Effective RAG requires a complete system:
Document Processing:
How will you chunk documents? (Not as simple as fixed token counts)
How will you handle tables, images, and graphs?
How will you extract and inject metadata?
Querying:
Single-shot or multi-hop?
Query reformulation needed?
Agentic reasoning required?
Retrieval:
BM25 (keyword search)?
Semantic search (embedding models)?
Hybrid approach?
Reranking?
Generation:
Which LLM? (Cost vs quality tradeoff)
Context window size? (Don’t just stuff everything in)
Hallucination controls?
Before you jump to “which boxes should I have in my RAG system,” step back.
🎯 Understanding Your Use Case First
Every system has tradeoffs: latency, cost, and problem complexity.
Plus the often-ignored factor: cost of a mistake.
In healthcare, RAG, where doctors look up treatment info = A Hallucination could kill someone (high cost of mistake)
In human resources, RAG for checking vacation time → Wrong answer is annoying, but not deadly (low cost of mistake)
These require completely different architectures and safety mechanisms.
The Complexity Spectrum
Simple (Low Complexity):
Factual Q&A over a single document
Extraction: “What is Tesla’s total revenue?”
Fixed schema, predictable queries
Medium (Moderate Complexity):
Semantic variation: “How much bank did Tesla make?” (same question, different phrasing)
Multi-hop: Solve part 1, then use that info to solve part 2
Multi-document: Pull information from multiple sources
Complex (High Complexity):
Hidden assumptions: User expects RAG to know information NOT in the documents (laws, domain knowledge, context)
Agentic workflows: Multi-step planning, evaluation, analyst-level reasoning
Dynamic adaptation: Learn from one query, apply to next
“Understanding the types of queries people will use - simple extraction vs multi-hop vs agentic analyst replacement is very important in designing and thinking about what type of RAG system you want to build.”
Key insight: Talk to your actual end users.
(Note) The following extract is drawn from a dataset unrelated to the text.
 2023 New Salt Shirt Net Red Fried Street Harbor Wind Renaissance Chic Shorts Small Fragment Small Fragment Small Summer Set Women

Understand what they expect. They often have domain knowledge in their heads that they assume your RAG will magically know.
Spoiler: It won’t. You need to add that to your corpus.
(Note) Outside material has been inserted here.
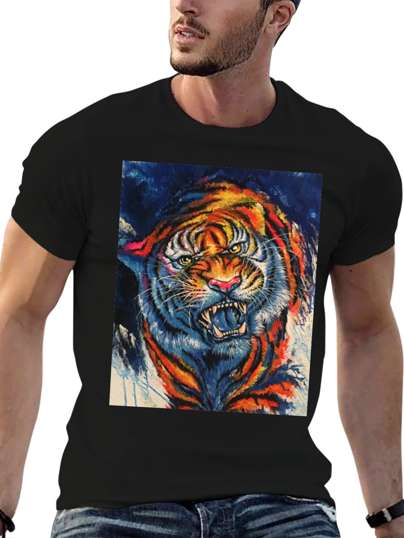 Unleash your wild side with this striking black T-shirt featuring a vibrant, artistic tiger graphic. The detailed print showcases a snarling tiger with an intense gaze, rendered in a vivid mix of blues, oranges, and yellows. The design has a painterly quality, with watercolor-like details creating depth and movement. Made from a soft, comfortable-looking fabric, this tee is perfect for casual wear, making a statement wherever you go. Pair it with jeans or shorts for an effortlessly cool, edgy look. The graphic tee is the ideal way to express your unique style and love for wildlife.

🔍 Retrieval Deep Dive: Three Approaches That Matter
Most of the confusion in RAG centers on retrieval. Let’s break down what actually works.
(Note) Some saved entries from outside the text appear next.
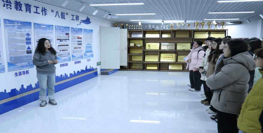 同学们在思政展厅观摩,了解到学校推进信仰领航、梦想启航、学业引航、生涯导航、家访助航、资助护航、心理稳航、就业远航“八航”工程,结合自身入校后的学习生活体验,同学们真切感受到学校和老师们在思想引导、学业帮扶、生活关怀等方面的默默付出,纷纷表示表示这是一场思想的洗礼,也是一场与老师和学校的近距离对话。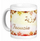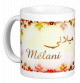 Mug avec le prénom "Samia" écrit en français, en arabe (سامية) et calligraphié de façon artistique en arabe sur la partie droite.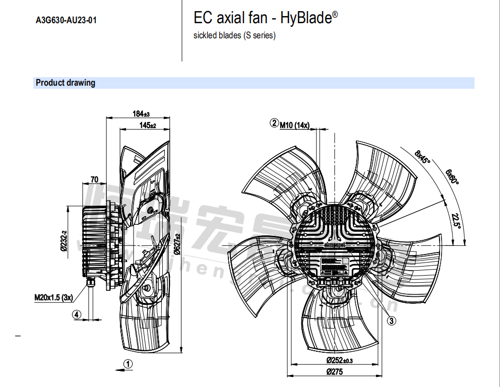 德國ebm全新A3G630-AU23-01軸流風(fēng)機(jī)規(guī)格圖

Approach 1: BM25 (Best Match 25)
What it is: Classic keyword search using inverted index.
How it works:
Take all words in your documents
Create inverted index (word → document mapping)
Query comes in → look up words → return matching documents
Example:
Search for “butterfly” → Index shows: Document 1
Fast. Simple. No neural networks needed.
Speed comparison (benchmark):
Linear search (control+F through every document):
100 docs: 0.5 seconds
1,000 docs: 5 seconds
10,000 docs: 50 seconds
BM25 (with index):
100 docs: 0.01 seconds
1,000 docs: 0.02 seconds
10,000 docs: 0.05 seconds
Massive speedup once the index is built.
The tradeoff:
❌ Exact word matching required
Query: “physician”
Documents use: “doctor”
→ No match found
Query: “International Business Machines”
Documents use: “IBM”
→ No match found
When it works:
✅ Strong baseline for any document search
✅ Users know exact keywords
✅ Technical documentation
✅ Legal documents
✅ Domain experts using system
Implementation: Python has BM25 library (easy to try on your documents)
“It’s a strong baseline pretty much for any type of document search where you have real humans that understand their material. If you have people that know the exact keyword they want, it works really well. This is why it’s the most widely implemented way we search.”
Critical insight: In many production RAG papers, BM25 beats neural models. Don’t skip this baseline.
Approach 2: Language Models (Semantic Search)
What it is: Neural networks that encode text into numerical representations (embeddings).
How it works:
Text → Embedding model → Vector (numbers)
Similar concepts cluster together in semantic space:
“doctor” and “physician” → close together
“IBM” and “International Business Machines” → close together
Why this matters: Solves the synonym/variation problem BM25 can’t handle.
The challenge: Which embedding model should you use?
Choosing Embedding Models: The MTEB Leaderboard
MTEB = Massive Text Embedding Benchmark - 23:36
300+ embedding models tested across multiple tasks.
Key tradeoffs (visualized on leaderboard):
Y-axis: NDCG (retrieval quality metric)
X-axis: Sentences per second (speed)
What you see:
Static embedding models (right side):
Super fast (faster than BM25)
Lower accuracy
One word = one embedding (uncontextualized)
Example: Word2Vec
Contextualized models (middle-left):
Slower
Much higher accuracy
Understand context: “The model was shooting in Paris” (fashion vs violence)
Why do different models of the same size perform differently?:
Same number of parameters, very different performance.
Reason: Better training data + improved architectures over time.
Qwen 3 embedding (latest, top performer) vs NV-Embed (older, same size) → Qwen 3 wins because:
Higher quality training data
Better architecture choices
Lessons learned from previous generations
Recent development: RTEB (Retrieval Embedding Leaderboard) - 23:36
New in the last 2 weeks
Has a private holdout set
Model builders don’t have access to test data
Prevents overfitting to the leaderboard
Practical considerations when picking models:
Model size:
Large models need GPUs
Small models can run on CPUs (faster deployment)
Training data:
Multilingual support
Domain-specific (healthcare uses terms differently than finance)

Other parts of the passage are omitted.